Consider, then, setting a standard HCI task. For instance, we might ask a user
to prepare a business letter on a word processor with some given text content.
However the layout chosen (and so the bulk of the features and commands used)
will probably depend on whether that user is a secretary or an undergraduate
hired for an experiment. Even if, instead of just saying "prepare a business
letter", we give them a printout of the target letter to be achieved, different
kinds of people will simply notice or not notice different aspects of the
layout. (We have experienced this as a real problem in conducting HCI
experiments.) For instance few will think that the exact size of the right
margin to the nearest millimetre actually matters, and many will just not see
it as any part of the task, any more than matching the watermark in the paper
used for printing would be. But this is not just about whether undergraduates
are representative of "real users". What aspects of layout a secretary cares
about will depend on the job: probably on the individual he or she is working
for, certainly on practices developed in a particular office and job. Thus
"preparing a business letter" as it affects the use of a word processor (and
therefore which commands are used and important) simply is not determined by a
fixed task domain which can be observed, recorded, and generalised about.

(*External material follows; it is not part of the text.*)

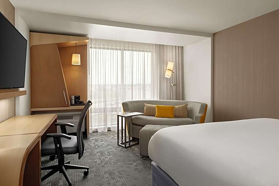 The Courtyard by Marriott Omaha East/Council Bluffs, IA offers a King Room with Sofa Bed and a Double Queen Room. Both room types do not allow smoking. The King Room with Sofa Bed accommodates up to 3 adults and 2 children, with 1 King size bed and 1 Sofa Bed. The Double Queen Room accommodates up to 4 adults and 3 children, with 2 Queen size beds.

If the notion of task is so unstable and indeterminate in small scale word
processing — surely the simplest and most overstudied case in HCI — then what
hope is there of using it as a theoretical concept, as a component of standards
definitions, or as the basis of design methods using "task analysis"? If we
consider asking someone to prepare a diagram to illustrate a paper, then we can
be sure that no two people will produce the same graphic, even if they have
similar backgrounds and are made to use the same computer package. Moving
upwards to larger scale work domains, the influence of communities of practice
is likely to be even more important. For instance, consider indentation and
commenting practices among programmers
On the other hand, commonsense and experience tell us that a notion of task is
of constant practical help in HCI design. Everyone needs to save their files
to disk or to delete a word, and you can look at the problems some designs
observably cause users, and how changing the design removes or changes the
problems. These simple considerations suggest that perhaps "task" is a simple
concept at the level of a command, and problems occur mainly at higher levels.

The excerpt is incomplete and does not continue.